■ What you need to do
From the line that contains "Watercolor Crystal Constellation" to the last line of the entries, write each line out exactly; include both ends and nothing else.

■ Records provided
Content starts

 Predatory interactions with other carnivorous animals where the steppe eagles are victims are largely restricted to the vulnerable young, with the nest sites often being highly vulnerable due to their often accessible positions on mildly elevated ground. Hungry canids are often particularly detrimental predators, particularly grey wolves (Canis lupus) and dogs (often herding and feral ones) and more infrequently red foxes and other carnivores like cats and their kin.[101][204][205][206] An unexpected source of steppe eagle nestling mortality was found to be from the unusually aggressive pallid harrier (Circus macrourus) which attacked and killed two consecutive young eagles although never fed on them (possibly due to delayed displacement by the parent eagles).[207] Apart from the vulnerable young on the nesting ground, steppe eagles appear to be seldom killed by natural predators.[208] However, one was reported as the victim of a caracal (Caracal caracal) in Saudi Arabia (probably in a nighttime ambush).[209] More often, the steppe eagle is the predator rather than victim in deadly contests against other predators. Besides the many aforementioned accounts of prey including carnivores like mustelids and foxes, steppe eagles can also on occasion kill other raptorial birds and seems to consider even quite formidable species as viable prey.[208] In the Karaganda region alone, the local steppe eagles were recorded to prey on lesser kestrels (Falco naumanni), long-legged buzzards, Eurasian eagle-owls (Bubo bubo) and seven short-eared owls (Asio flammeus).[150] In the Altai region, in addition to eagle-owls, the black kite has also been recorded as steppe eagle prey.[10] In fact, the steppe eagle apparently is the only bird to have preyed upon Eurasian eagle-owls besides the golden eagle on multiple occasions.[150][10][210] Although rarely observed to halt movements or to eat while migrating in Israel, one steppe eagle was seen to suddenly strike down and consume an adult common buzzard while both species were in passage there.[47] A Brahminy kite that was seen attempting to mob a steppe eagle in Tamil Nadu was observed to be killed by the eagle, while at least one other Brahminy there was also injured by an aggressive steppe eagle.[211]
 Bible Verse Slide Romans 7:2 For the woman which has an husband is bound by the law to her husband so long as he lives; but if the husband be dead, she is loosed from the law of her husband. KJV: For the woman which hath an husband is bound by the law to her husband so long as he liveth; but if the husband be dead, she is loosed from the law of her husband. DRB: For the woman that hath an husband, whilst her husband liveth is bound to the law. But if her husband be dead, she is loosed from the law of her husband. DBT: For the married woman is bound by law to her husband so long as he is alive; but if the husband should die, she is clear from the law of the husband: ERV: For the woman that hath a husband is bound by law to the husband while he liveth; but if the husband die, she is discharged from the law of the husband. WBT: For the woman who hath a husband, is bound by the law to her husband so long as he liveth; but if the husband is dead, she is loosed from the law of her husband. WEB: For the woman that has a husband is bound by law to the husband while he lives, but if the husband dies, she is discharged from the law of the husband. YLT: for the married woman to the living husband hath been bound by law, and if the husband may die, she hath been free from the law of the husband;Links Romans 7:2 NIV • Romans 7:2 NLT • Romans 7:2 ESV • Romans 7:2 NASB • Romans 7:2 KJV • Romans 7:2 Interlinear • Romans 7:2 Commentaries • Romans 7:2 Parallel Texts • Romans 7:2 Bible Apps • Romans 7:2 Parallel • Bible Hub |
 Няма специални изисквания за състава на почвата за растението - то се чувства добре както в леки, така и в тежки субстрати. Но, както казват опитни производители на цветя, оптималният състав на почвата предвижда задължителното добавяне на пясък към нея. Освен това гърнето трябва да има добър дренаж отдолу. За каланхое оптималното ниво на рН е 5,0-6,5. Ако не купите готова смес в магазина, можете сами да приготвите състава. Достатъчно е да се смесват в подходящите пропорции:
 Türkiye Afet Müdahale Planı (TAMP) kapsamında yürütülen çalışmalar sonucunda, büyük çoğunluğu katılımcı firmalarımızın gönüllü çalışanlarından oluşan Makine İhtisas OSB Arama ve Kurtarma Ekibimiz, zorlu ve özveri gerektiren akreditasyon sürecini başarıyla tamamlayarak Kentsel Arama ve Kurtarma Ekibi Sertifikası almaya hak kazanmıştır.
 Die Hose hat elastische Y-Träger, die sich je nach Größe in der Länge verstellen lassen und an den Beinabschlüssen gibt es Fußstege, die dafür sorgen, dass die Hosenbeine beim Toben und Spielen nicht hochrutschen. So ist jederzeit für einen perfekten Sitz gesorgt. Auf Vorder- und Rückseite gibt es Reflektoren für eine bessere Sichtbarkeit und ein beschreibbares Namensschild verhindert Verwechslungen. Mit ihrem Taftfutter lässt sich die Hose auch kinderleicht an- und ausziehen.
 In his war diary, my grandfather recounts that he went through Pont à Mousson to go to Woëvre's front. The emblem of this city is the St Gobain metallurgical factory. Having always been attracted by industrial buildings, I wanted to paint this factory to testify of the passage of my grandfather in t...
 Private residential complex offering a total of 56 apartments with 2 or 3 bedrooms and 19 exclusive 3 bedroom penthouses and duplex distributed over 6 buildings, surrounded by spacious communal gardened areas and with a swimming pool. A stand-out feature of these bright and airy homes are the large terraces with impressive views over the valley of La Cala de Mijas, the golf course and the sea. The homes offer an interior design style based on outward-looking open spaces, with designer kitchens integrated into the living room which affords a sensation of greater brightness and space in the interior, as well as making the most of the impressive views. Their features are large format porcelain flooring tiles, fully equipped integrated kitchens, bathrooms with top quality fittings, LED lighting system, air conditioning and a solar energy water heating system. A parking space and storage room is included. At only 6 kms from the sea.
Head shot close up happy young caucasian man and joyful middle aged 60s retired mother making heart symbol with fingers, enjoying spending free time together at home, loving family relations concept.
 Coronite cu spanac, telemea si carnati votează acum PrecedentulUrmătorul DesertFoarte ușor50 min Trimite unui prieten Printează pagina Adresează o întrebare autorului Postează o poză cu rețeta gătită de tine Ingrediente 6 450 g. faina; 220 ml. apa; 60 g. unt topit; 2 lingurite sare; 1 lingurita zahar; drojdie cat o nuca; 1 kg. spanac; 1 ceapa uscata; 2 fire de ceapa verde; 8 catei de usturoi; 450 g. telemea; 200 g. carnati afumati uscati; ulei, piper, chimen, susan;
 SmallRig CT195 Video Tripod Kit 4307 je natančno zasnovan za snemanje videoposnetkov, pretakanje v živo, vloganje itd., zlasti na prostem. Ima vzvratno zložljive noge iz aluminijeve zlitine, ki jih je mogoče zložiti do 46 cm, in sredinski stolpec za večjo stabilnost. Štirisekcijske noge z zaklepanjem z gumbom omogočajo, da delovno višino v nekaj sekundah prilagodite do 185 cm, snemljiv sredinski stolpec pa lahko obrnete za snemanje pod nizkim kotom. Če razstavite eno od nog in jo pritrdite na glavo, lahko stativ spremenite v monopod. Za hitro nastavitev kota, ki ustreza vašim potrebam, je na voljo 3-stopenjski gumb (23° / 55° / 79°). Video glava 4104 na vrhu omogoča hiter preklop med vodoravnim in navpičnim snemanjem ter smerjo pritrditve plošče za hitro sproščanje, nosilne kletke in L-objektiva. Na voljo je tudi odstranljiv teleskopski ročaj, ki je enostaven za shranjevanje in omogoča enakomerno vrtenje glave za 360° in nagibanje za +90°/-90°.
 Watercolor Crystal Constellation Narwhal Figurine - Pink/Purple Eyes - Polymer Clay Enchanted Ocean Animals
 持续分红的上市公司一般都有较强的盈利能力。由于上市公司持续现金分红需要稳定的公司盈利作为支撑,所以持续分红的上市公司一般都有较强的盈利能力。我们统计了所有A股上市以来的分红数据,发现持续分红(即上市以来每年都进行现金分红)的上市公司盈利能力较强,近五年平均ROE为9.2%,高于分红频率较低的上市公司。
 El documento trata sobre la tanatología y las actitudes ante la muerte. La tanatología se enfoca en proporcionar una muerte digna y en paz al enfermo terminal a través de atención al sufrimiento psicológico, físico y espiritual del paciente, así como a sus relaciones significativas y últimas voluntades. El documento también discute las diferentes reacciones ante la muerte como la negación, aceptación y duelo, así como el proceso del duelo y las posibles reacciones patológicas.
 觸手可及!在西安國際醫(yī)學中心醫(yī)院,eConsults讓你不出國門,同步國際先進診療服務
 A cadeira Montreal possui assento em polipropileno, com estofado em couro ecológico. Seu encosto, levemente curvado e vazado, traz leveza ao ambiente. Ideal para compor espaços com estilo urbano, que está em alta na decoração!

Content ends

■ Worked solution
 Watercolor Crystal Constellation Narwhal Figurine - Pink/Purple Eyes - Polymer Clay Enchanted Ocean Animals
 持续分红的上市公司一般都有较强的盈利能力。由于上市公司持续现金分红需要稳定的公司盈利作为支撑,所以持续分红的上市公司一般都有较强的盈利能力。我们统计了所有A股上市以来的分红数据,发现持续分红(即上市以来每年都进行现金分红)的上市公司盈利能力较强,近五年平均ROE为9.2%,高于分红频率较低的上市公司。
 El documento trata sobre la tanatología y las actitudes ante la muerte. La tanatología se enfoca en proporcionar una muerte digna y en paz al enfermo terminal a través de atención al sufrimiento psicológico, físico y espiritual del paciente, así como a sus relaciones significativas y últimas voluntades. El documento también discute las diferentes reacciones ante la muerte como la negación, aceptación y duelo, así como el proceso del duelo y las posibles reacciones patológicas.
 觸手可及!在西安國際醫(yī)學中心醫(yī)院,eConsults讓你不出國門,同步國際先進診療服務
 A cadeira Montreal possui assento em polipropileno, com estofado em couro ecológico. Seu encosto, levemente curvado e vazado, traz leveza ao ambiente. Ideal para compor espaços com estilo urbano, que está em alta na decoração!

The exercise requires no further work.